Kindheit nach dem Krieg
Als sein Vater aus dem Krieg heimkehrt, hat er kaputte Beine, aber er zeigt seinem Sohn, was man mit einer Kurzschlussschlinge alles anstellen kann, nicht nur wenn man Überlandleitungen reparieren muss. Seine Mutter - "die alte Kaputtmacherin" - zerstört nicht nur die Schlinge ihres Mannes, sondern auch den Prinz Eisenherz Band Nr. 1., den sich der kleine Junge gegen ein Autogramm von dem Catcher Würger eingetauscht hat. Dadurch bekommt er zusätzliche Schwierigkeiten, denn jetzt ist er rückzahlungsunfähig, ein Umstand, der einen in St. Pauli, Hamburgs Rotlichtviertel, schnell mal das Leben kosten kann. In der Nähe der berüchtigten Herbertstraße tanzen die Mädchen "Kann Kann" oder heißt es doch "Komm Komm"? Der kleine Kalle und seine Freunde machen allerhand Streiche und stellen so ihr Viertel vor, in dem sie in den Vierzigern des vorigen Jahrhunderts mit einer Sprache aufwuchsen, die sich auch heute noch gewaschen hat.
Betty Koketty und ihre Brut
"Du bist eine undankbare Kanalratte", "Ganalratte is rigdig - aber nich undagbar", antwortet Arnold Kalles Vater Ludwig, der eine inzwischen dick geworden, der andere immer noch so ein "Hänfling". "Betty Koketty" macht sich mit ihrem Sohn Kalle auf die Suche nach den beiden Schnapsdrosseln, geht von Kneipe zu Kneipe und findet sie schließlich bei Frieda & James.
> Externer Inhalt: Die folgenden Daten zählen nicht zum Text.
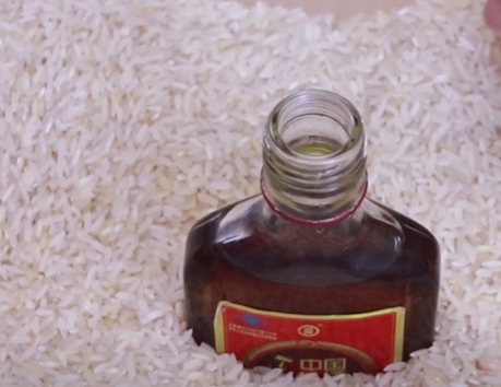 白酒的第四个妙用,直接将白酒插进大米当中,瓶口一定要高于大米,这样防止大米掉进白酒里面。接下来,我们直接将盖子给它密封紧,这样白酒里面的气体就会不断的释放出来,里面有酒精消毒又杀菌,可以防止大米里面滋生细菌,可以防止大米生虫,非常的实用。最后一定要盖上盖子,这样效果更加的好。
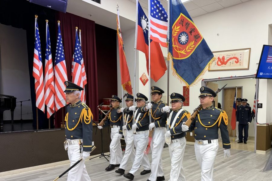 當天,雖然天氣又冷又下雨,現場仍人潮滿滿、氣氛高昂。上午 10 點 10 分,典禮正式揭開序幕,在瑞鼓迎春表演後,金山灣區國慶委員會主委林秀春、駐舊金山辦事處處長伍志翔,以及僑教中心主任莊雅淑依序就位,升旗儀式在室內隆重舉行。
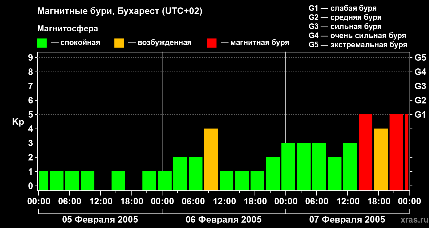 Магнитные бури в Бухаресте — 7 февраля 2005 года
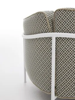 La ligne indoor et outdoor Mirage, nous ramène aux songes des nuits d'été. Elle célèbre l'attente de la saison estivale, les premiers rayons de soleil du printemps, qui apportent un sentiment de joie et d'euphorie. La générosité des coussins épouse les formes du corps et nous invite à nous détendre, en profitant du soleil. La structure métallique fine, sous forme de vagues, entoure les coussins et fait référence à un mirage, une illusion d'optique due à la réfraction inégale des rayons solaires.
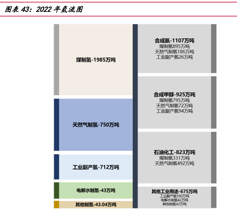 當(dāng)前國(guó)內(nèi)氫能大部分應(yīng)用于工業(yè)領(lǐng)域,包括合成氨、合成甲醇及石油化工。隨著 長(zhǎng)期碳中和目標(biāo)的提出,氫氣的能源屬性將逐漸顯現(xiàn),應(yīng)用領(lǐng)域?qū)⒅鸩酵卣怪岭娏Α?交通、建筑等場(chǎng)景。以中國(guó) 2022 年氫產(chǎn)能下游應(yīng)用為例,其中合成氨氫氣需求 1107 萬噸,占 31.1%。合成氨作為化肥和其他化工產(chǎn)品的重要原材料,60%用于農(nóng)業(yè)化肥生 產(chǎn),30%用于工業(yè)生產(chǎn),而交通部門(船舶運(yùn)輸)和發(fā)電部門(摻氨燃燒)占比很低。 合成甲醇?xì)錃庑枨?925 萬噸,占 26.2%。合成甲醇大部分用于化工合成,主要合成 產(chǎn)品為烯烴、甲醛、醋酸、MTBE 以及二甲醛等。石油煉化氫氣需求 823 萬噸, 占 23.3%。 未來,氫氣因其熱值高,質(zhì)量能量密度大的特點(diǎn)或?qū)⒈粡V泛應(yīng)用于交通領(lǐng)域,氫 燃料電池汽車比傳統(tǒng)的純電動(dòng)車具備更長(zhǎng)的續(xù)航能力。2022 年我國(guó)氫燃料電池車?yán)?計(jì)銷量 12682 輛,加氫站累計(jì)建成 274 座,依據(jù)中國(guó)國(guó)家發(fā)展和改革委員會(huì)發(fā)布《氫 能產(chǎn)業(yè)發(fā)展長(zhǎng)期規(guī)劃(2021-2035)》提出,到 2025 年燃料電池車輛保有量約為 5 萬 輛。同時(shí),因氫氣單位質(zhì)量的熱值遠(yuǎn)大于天然氣,能夠更好地滿足建筑供熱需求而應(yīng) 用于建筑發(fā)電等其他領(lǐng)域。
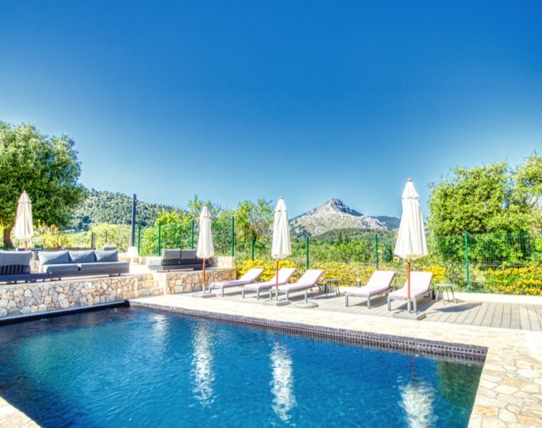 Diese zum Verkauf stehende Villa mit 5 Schlafzimmern in Sol de Mallorca eignet sich für alle, die eine ruhige mediterrane Oase suchen, um Zeit mit Freunden und Familie zu verbringen.
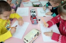 Балалар белән транспорт төрләре турында табышмаклар эйтелде.Балалар дөрес итеп җаваплар бирделәр.Соңыннан рәсемнәр ясалды.
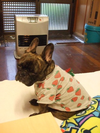 ファンヒーターの前に陣取って
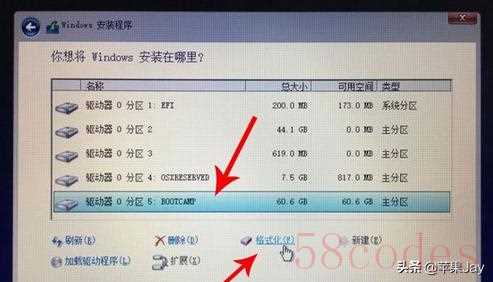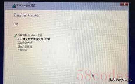 进度条走完会重启系统进入win的安装界面,选择安装win的版本(家庭版、专业版等自由选择)选中【BOOTCAMP】这个分区,安装在这个分区,选择 BOOTCAMP 分区并点按“格式化”。在大多数情况下,安装器会自动选择 BOOTCAMP 并进行格式化。根据步骤等待安装完成。
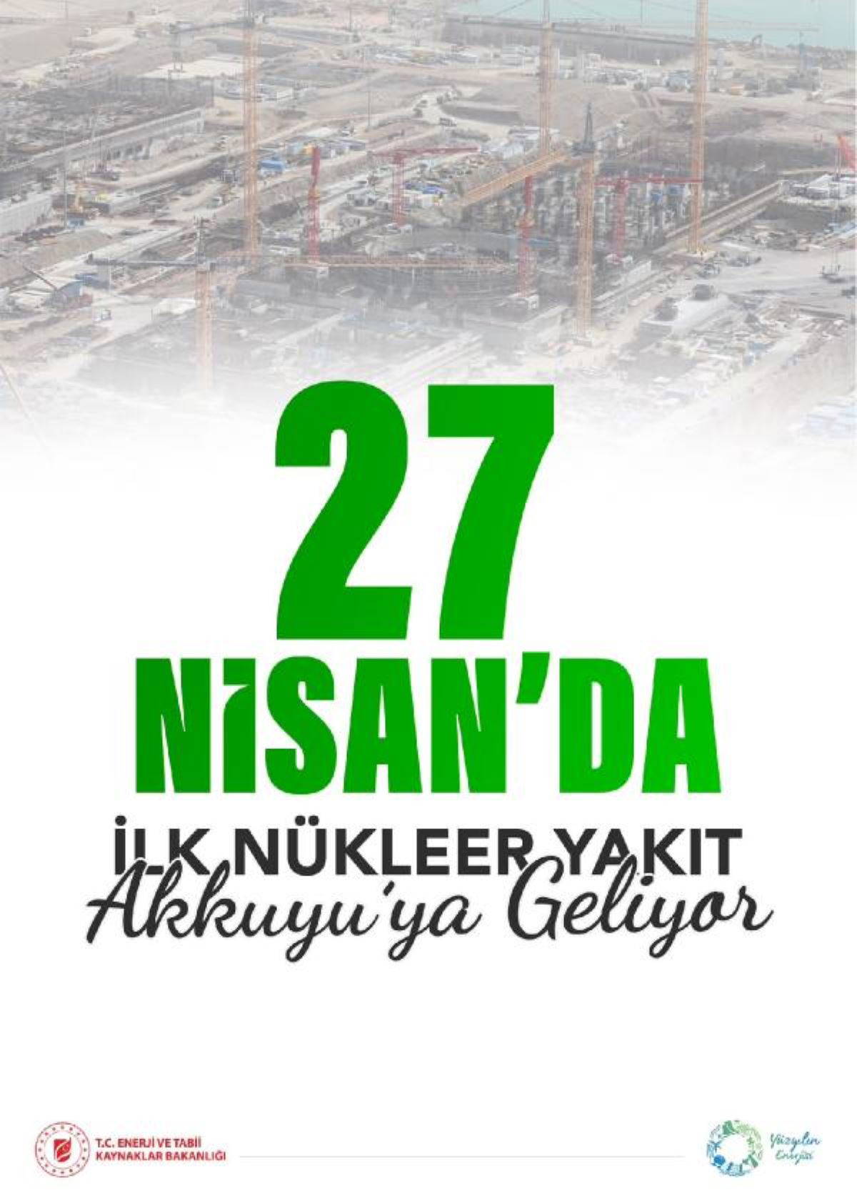 Bakan Fatih Dönmez, Twitter hesabından yaptığı paylaşımda, "Akkuyu'da sona yaklaşıyoruz. 27 Nisan'da ilk nükleer yakıt tesisimize geliyor. Böylece Akkuyu, nükleer tesis statüsü kazanacak" dedi.
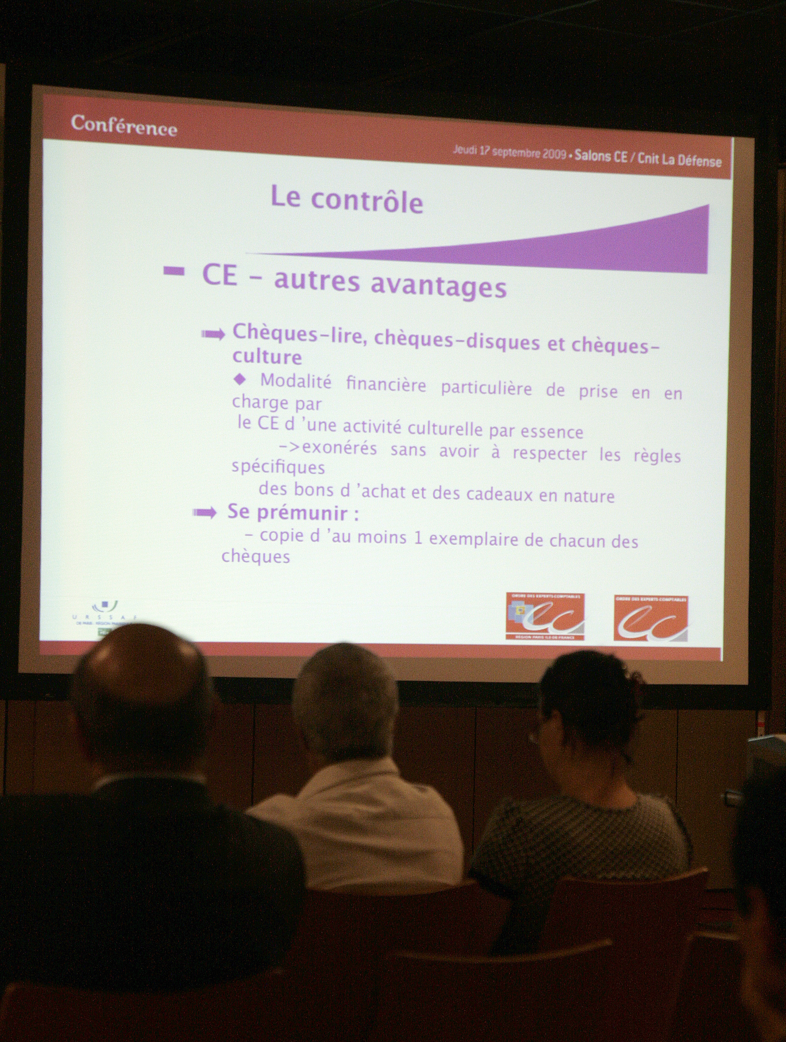 Lors de la conference du 17 septembre 2009 (cliquez ici pour charger le pdf) au salon des CE organisee par l’Ordre des Experts Comptables de Paris Ile de France en partenariat avec l’Urssaf de Paris,
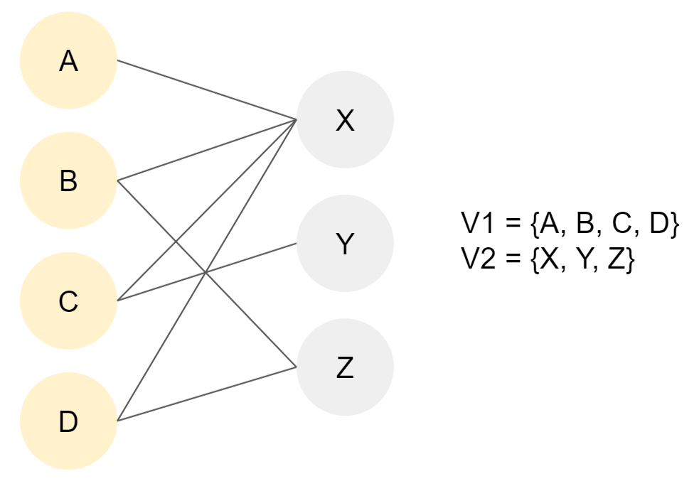 A graph G(V,E) is called a bipartite graph. V and E are usually called the parts of the graph.
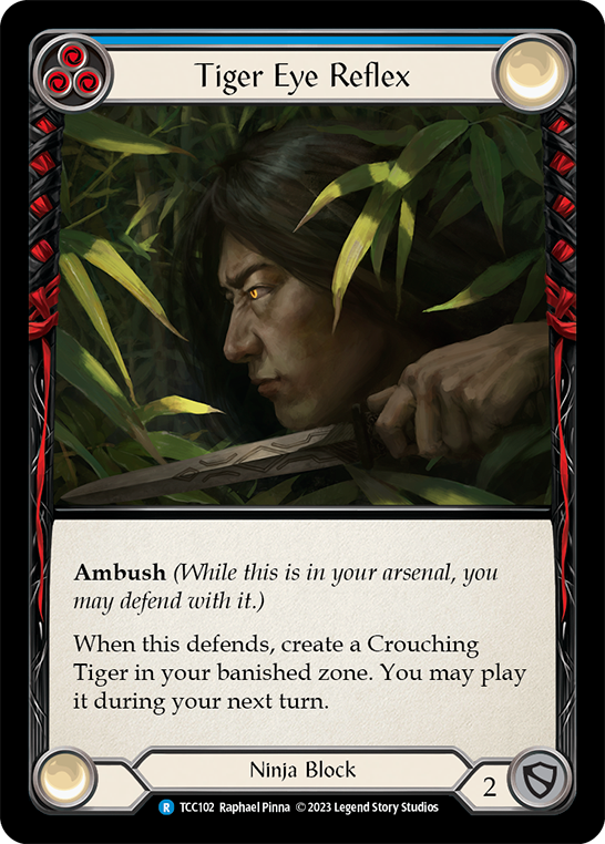 Ambush (While this is in your arsenal, you may defend with it.) When this defends, create a Crouching Tiger in your banished zone. You may play it during your next turn.

Schließlich trinkt sie selbst ein Glas Bier und merkt, wie gut es schmeckt und alle Sorgen verblassen lässt. "...wenn du hüt schon schwänzen tust, watt schall den laater ut di warrn?", ruft die Nachbarin des Schanzenviertels dem kleinen Kalle nach, als sie ihn vor dem Schranken in der Herbertstraße sieht. Lupus Schneider alias Würger hat trotz der harten Schale, einen weichen Kern und hilft Kalle aus der Patsche. Aber auch so manchen Gangsterjargon lernt der junge Kalle, den ich hier mit dem Stichwort "als Doppeldecker ins Krankenhaus" nicht unerwähnt lassen will und das als Antwort darauf, was alles schiefgehen kann, wenn man es mit einer macht, die keine Ahnung hat. "’türlich, mit Tung", heißt es da und zeigt, dass man sich auch beim Tanzen noch Verlieben kann, auch wenn es immer welche gibt, die einem sein Glück dann neiden. Auf einem Dampfer im Dunkeln wird dann auch verraten, weswegen der Titel dieser Milieugeschichte so lautet, denn "wenn’s dafür schon "nen Fachausdruck gibt, scheint das ja öfters vorzukommen." Aber wie heißt es so schön bei Wagner: "Der Liebe Wunden kann nur heilen, wer sie schlug!"
Ein amüsantes, lebensnahes Porträt des Aufwachsens in einem der heißesten Viertel Europas, wo Matrosen nicht lange rumfackeln, bevor sie zustechen. Die Zeichnungen von Isabel Kreitz wurden nach dem gleichnamigen Roman von Konrad Lorenz designt und sind sehr authentisch und akribisch im besten Sinne des Wortes. Es entsteht eine Atmosphäre wie zuvor schon im Dritten Mann, nur eben in Hamburg: eine Kindheit "auf St. Pauli" in der Nachkriegszeit ist etwas Besonderes!